= EXERCISE AIM =
In the records below, begin at the line containing "peak across samples" and end at the line containing "Solaray Vitamina K1"; quote every line in that span exactly, including both boundary lines, and no others.

= DATA IN THIS EXERCISE =
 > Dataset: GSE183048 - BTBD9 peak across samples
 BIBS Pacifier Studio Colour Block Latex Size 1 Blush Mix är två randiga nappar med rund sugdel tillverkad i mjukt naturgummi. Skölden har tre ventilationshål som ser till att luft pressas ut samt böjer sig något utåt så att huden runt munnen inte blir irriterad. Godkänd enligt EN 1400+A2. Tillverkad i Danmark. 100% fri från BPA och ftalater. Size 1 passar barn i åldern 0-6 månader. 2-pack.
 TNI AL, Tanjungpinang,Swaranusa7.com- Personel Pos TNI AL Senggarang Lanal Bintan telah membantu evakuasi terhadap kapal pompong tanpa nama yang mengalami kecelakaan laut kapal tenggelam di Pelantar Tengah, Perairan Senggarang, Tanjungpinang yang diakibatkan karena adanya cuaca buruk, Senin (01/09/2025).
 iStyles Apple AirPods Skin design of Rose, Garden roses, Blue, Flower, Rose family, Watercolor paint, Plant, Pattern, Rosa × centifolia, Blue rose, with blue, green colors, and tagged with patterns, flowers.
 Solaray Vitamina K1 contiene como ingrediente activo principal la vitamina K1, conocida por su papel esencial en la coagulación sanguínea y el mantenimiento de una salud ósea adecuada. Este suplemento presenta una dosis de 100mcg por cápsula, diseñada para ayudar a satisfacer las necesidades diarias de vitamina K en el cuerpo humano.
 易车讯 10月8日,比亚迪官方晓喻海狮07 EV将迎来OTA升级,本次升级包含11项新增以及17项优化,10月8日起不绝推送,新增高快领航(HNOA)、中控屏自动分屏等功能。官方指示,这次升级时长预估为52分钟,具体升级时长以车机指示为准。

...

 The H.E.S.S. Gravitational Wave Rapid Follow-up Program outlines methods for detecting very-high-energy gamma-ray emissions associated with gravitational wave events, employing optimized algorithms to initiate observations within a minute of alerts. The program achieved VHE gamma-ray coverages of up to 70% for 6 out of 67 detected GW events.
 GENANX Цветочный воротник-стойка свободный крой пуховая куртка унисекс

= OUTPUT FOR THIS TASK =
 > Dataset: GSE183048 - BTBD9 peak across samples
 BIBS Pacifier Studio Colour Block Latex Size 1 Blush Mix är två randiga nappar med rund sugdel tillverkad i mjukt naturgummi. Skölden har tre ventilationshål som ser till att luft pressas ut samt böjer sig något utåt så att huden runt munnen inte blir irriterad. Godkänd enligt EN 1400+A2. Tillverkad i Danmark. 100% fri från BPA och ftalater. Size 1 passar barn i åldern 0-6 månader. 2-pack.
 TNI AL, Tanjungpinang,Swaranusa7.com- Personel Pos TNI AL Senggarang Lanal Bintan telah membantu evakuasi terhadap kapal pompong tanpa nama yang mengalami kecelakaan laut kapal tenggelam di Pelantar Tengah, Perairan Senggarang, Tanjungpinang yang diakibatkan karena adanya cuaca buruk, Senin (01/09/2025).
 iStyles Apple AirPods Skin design of Rose, Garden roses, Blue, Flower, Rose family, Watercolor paint, Plant, Pattern, Rosa × centifolia, Blue rose, with blue, green colors, and tagged with patterns, flowers.
 Solaray Vitamina K1 contiene como ingrediente activo principal la vitamina K1, conocida por su papel esencial en la coagulación sanguínea y el mantenimiento de una salud ósea adecuada. Este suplemento presenta una dosis de 100mcg por cápsula, diseñada para ayudar a satisfacer las necesidades diarias de vitamina K en el cuerpo humano.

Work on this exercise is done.